Today was full of much win.
Got to sleep in until 10.
Spent some quality time with Krys.
Got a full one hour workout in.
Had a GREAT audience for Rosencrantz and Guildenstern
Introduced theonebob (who is selling a house) to trufflesfl (who is wanting to buy a house in that neighborhood).
Also saw buddahbear, but had to disappoint him by already knowing the big news he wanted to tell me.
Saw Avenue Q, and got a T-Shirt and a book of the sheet music.
Had a lovely dinner at Chili’s with Krys.
Yes. A wonderful day indeed.
O.O
So on my way home tonight my brain followed some of the random logic jumps that your brain does during those quiet moments when you’re alone. After the run tonight we were talking about tabletop gaming, and that got my mind wandering back to some old friends. Namely, my friend Allan who I have not seen or talked to in probably 8 years or more (I know he met my son, but Alex was very young at the time).
When I got home tonight I had a friend request from him on MySpace.
The world is a weird, weird place.
Norman on…
Not everyone is going to get this, but for those who do please feel free to imagine me saying this in all my Norman-ish glory…
TODAY SUPS!!!
IT SUPS!!!
TODAY SUUUUUPS!!!!!!
Doctor, Doctor! Gimmie the news!
So…I just got back from my visit with the plastic surgeon.
The least surprising bit of news that came from my discussion with him is that I am definitely a candidate for surgery. I can’t remember off the top of my head the exact procedure he mentioned, but it wasn’t abdominoplaty. The skin that is hanging from my waist is indeed not going to go away, and he said he could remove quite a bit of it. He also said that I had great muscle definition in my abdomen! You just can’t see it.
Hrmm…maybe I’ll end up with a six pack some day after all.
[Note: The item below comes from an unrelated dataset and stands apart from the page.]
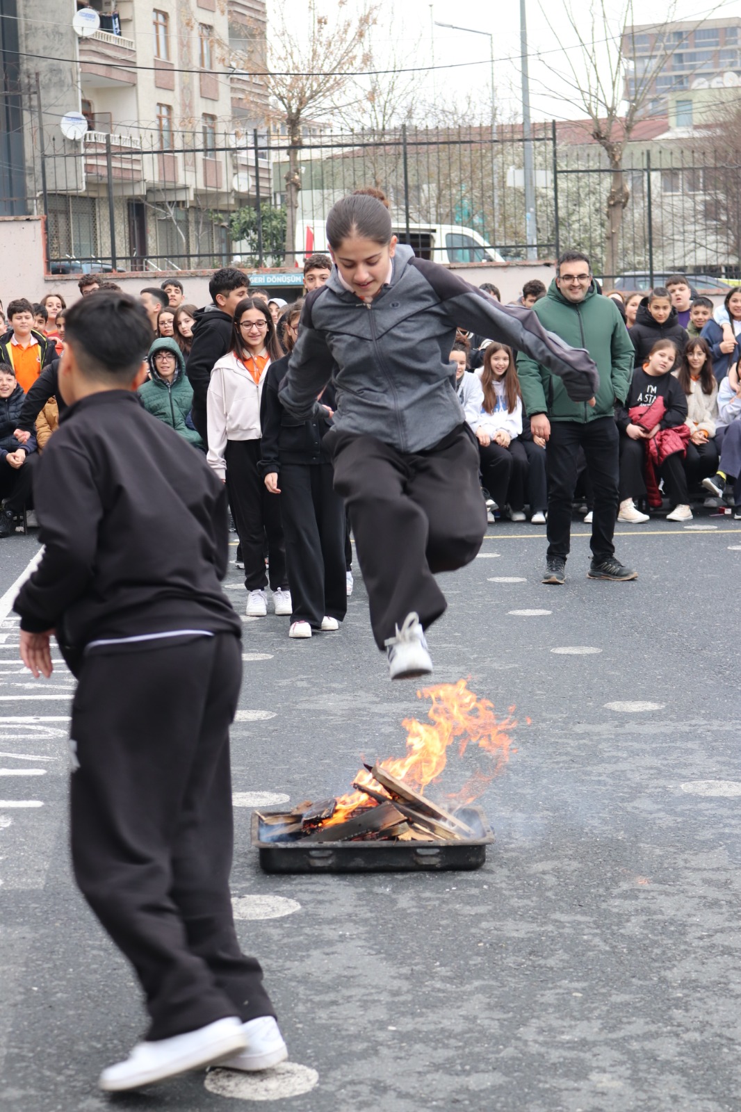 Etkinlik kapsamında Hacivat–Karagöz gösterileri sahnelenirken, öğrenciler tarafından şiirler okundu. Yunus Emre, Mevlana, Nasrettin Hoca, Aşık Veysel ve Mustafa Kemal Atatürk’ün canlandırıldığı gösteriler izleyicilerden büyük beğeni topladı. Ayrıca çuval yarışı ve kaşıkla yumurta taşıma gibi geleneksel oyunlar, etkinliğe eğlenceli anlar kattı. Nevruz ateşinin yakılması ve öğrencilerin ateş üzerinden atlaması ise programın en dikkat çeken bölümlerinden biri oldu.
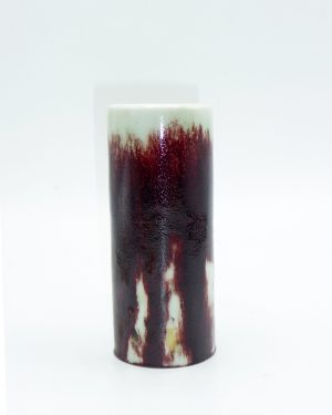 Hard-porcelain, rouge sang-de-boeuf glaze on a milky white background

What I also learned from him is that, at the current time, I’m not really ready for it. He told me that he could certainly do the operation, but that if I continued to lose weight I would likely end up with more sagging skin and need to have another operation. He suggested that I get back down to the 225 range and go back to see him again. From what I gather most people lose about 10 pounds after having this kind of surgery, which would put me down around 215 when it was all said and done. Weight Watchers has my goal weight set at 195, but considering the fact that I know for a fact I’ve been building muscle over the course of the last (almost) two years I don’t think it’s out of the realm of possibility that I’ll be happy in the 205-215 range.
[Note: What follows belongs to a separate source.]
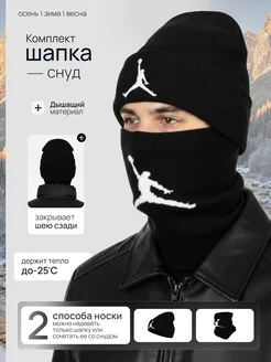 Шапка бини со снудом зимняя,осенняя с отворотом

The total cost for the operation will be in the area of six thousand dollars. He said he’d be able to give me a much more firm number when we started the planning. Consultations with him are free, and I can go see him as often as I want if I have any other questions about the procedure. He also plans all of his operations so that they do not conflict with any vacations he has so that he is always available during the recovery period (he predicts it will take me two to three weeks to fully recover at most, due to the fact that I’m in pretty good shape). He emphasized that nobody would work on me other than him, up to and including changing my dressings after the operation. All told, he made me feel VERY comfortable and I’m fairly certain I will go with him.
I now have a new sense of motivation to get off the next 28 pounds!
The Day the Internet goes crazy
God I love April Fool’s day. It never really registered much on my radar before the internet came around, but these days I love going to all of my favorite sites and finding what kind of tweaks they’ve made to their code for the day. It amuses the hell out of me.
So what have I seen so far today?
YouTube “Rick Rolled” everyone (go to the home page and click on any featured video link).
World of Warcraft announced Bards as a playable class in Wrath of the Lich King, up to and including a Guitar Hero/Rock Band style interface to cast spells. They also announced a console port called World of Warcraft : Molten Core…for the Atari 2600.
ThinkGeek has their usual array of fun items, including a Betamax to HD-DVD converter.
WoWHead changed their skin to look like ThottBott.
Questionable Content has a Dinosaur Comics strip, Dinosaur Comics has an XDCD strip, and XKCD has the Questionable Content strip.
WoWinsider became Hello Kitty Online Insider.
What kind of gems have you guys found?